Anonymous wrote:Honestly yes but we are over-saving now to leave them money. We have 3 and if we died tomorrow, they’d each get around 2.5 million. Not enough to coast for life obv but a nice stepping stone.
Anonymous wrote:No worries here coming from an average American middle class family. Kids attend desirable public schools. We have a nice home in a sought after suburb. We don't need to make millions to live our best life. We already live better than most.
Anonymous wrote:My HS freshman is a very high achiever in a magnet program and taking college level courses next year. She wants a very complex and competitive job as an adult and I have no doubt she will reach or exceed her goals. She already has funds set aside for college, a home, grad school and a wedding. We have insured that she will remain upper middle class. Our youngest is a leader but just in elementary. We have set aside funds for her collegiate needs, and startup money for her businesses, and money for a home. This is what must be done to ensure your children have the highest chance of an amazing life. They are the only children in my bloodline as my only sibling passed before marriage and children. My father, who is UC, makes sure to supplement what we have already insured for our children.

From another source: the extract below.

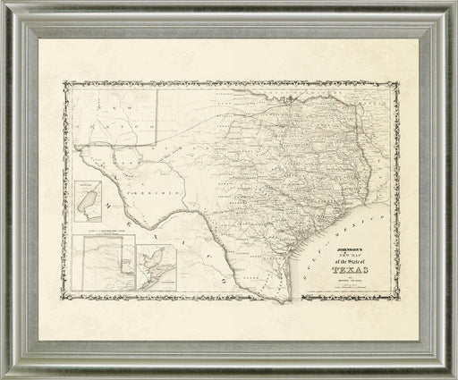 Classy LivingStep back in time with this exquisite vintage map of Texas, framed in a sleek silver border that enhances its timeless appeal. The detailed cartogr...
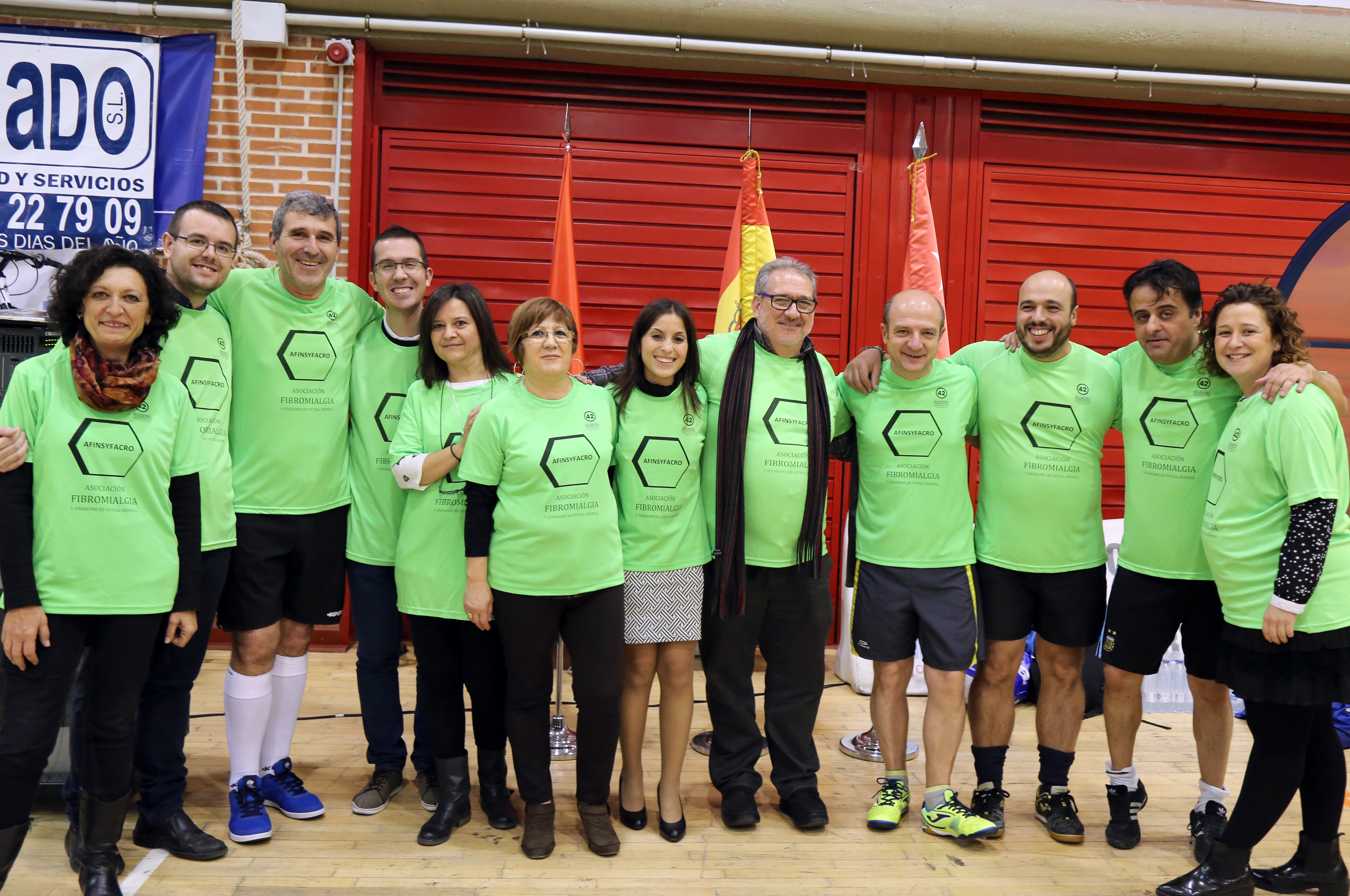 Jessica Antolín, primera Teniente de Alcalde, realizó ayer en el Polideportivo de Villafontana el saque de honor con el que arrancó el triangular benéfico de fútbol sala "Goles por la fibromialgia", organizado por AFINSYFACRO. La jornada contó con la participación del F.S. Móstoles masculino, el F.S. Móstoles femenino y un equipo de deportistas y políticos de la localidad, entre los que se encontraban diversos representantes de la corporación municipal.

Anonymous wrote:OP ridiculous.
Your kids will only be held back by their dumb mother.
Anonymous wrote:No. I am a high achiever and have been for my whole life. As a result, I know the downsides of being this way, and they are legion. The more ways my kid is perfectly typical, the happier I am for him.
Anonymous wrote:Anonymous wrote:Anonymous wrote:I don't know, my kids are younger so it's more hypothetical still. But I totally am with you on the growing income inequality thing. I think what that means is that I'm anxious that my children will be emotionally stable, hard working people that will choose a career that will enable them to be on the "right side," even if that's a trade or physical labor based job. I have seen people in the right schools and neighborhoods get burnt out and crash and burn. We're a legacy at an elite private school that gets fawned over on DCUM and I would never in a million years send my kids there. None of our family that attended turned into happy adults, and it's a very mixed bag whether they even ended up successful on paper. I don't know if I have the right answers, but it is something I worry about.
OP here. But this is what I’m afraid of. If my daughter chooses a non UMS white collar position (anything besides doctor, lawyer, engineer, or business person), it’s so unstable and uncertain and could potentially lead to the wrong side of the divide. All the optimism and resilience and perseverance in the world won’t mean shit if my kid is struggling to raise a family in this area on a yearly income of $80k/year.
And for the record, I’ve always supported progressive policies that try to prevent (or at the very least, slow down) this frantic pace. I voted for Bernie in 2016 and 2020. But it’s all still so anxious. Maybe it’s just my trauma from growing up lower middle class though — most of my high school classmates are NOT doing well. Don’t want that for my kids.
I dated someone like you once. He talked a good talk about how inequality generally was bad and damaging; it turned out that he was most concerned about coming out on the “right side” of it. Very tedious.
Anonymous wrote:My HS freshman is a very high achiever in a magnet program and taking college level courses next year. She wants a very complex and competitive job as an adult and I have no doubt she will reach or exceed her goals. She already has funds set aside for college, a home, grad school and a wedding. We have insured that she will remain upper middle class. Our youngest is a leader but just in elementary. We have set aside funds for her collegiate needs, and startup money for her businesses, and money for a home. This is what must be done to ensure your children have the highest chance of an amazing life. They are the only children in my bloodline as my only sibling passed before marriage and children. My father, who is UC, makes sure to supplement what we have already insured for our children.
Anonymous wrote:Anonymous wrote:I don't know, my kids are younger so it's more hypothetical still. But I totally am with you on the growing income inequality thing. I think what that means is that I'm anxious that my children will be emotionally stable, hard working people that will choose a career that will enable them to be on the "right side," even if that's a trade or physical labor based job. I have seen people in the right schools and neighborhoods get burnt out and crash and burn. We're a legacy at an elite private school that gets fawned over on DCUM and I would never in a million years send my kids there. None of our family that attended turned into happy adults, and it's a very mixed bag whether they even ended up successful on paper. I don't know if I have the right answers, but it is something I worry about.
OP here. But this is what I’m afraid of. If my daughter chooses a non UMS white collar position (anything besides doctor, lawyer, engineer, or business person), it’s so unstable and uncertain and could potentially lead to the wrong side of the divide. All the optimism and resilience and perseverance in the world won’t mean shit if my kid is struggling to raise a family in this area on a yearly income of $80k/year.
And for the record, I’ve always supported progressive policies that try to prevent (or at the very least, slow down) this frantic pace. I voted for Bernie in 2016 and 2020. But it’s all still so anxious. Maybe it’s just my trauma from growing up lower middle class though — most of my high school classmates are NOT doing well. Don’t want that for my kids.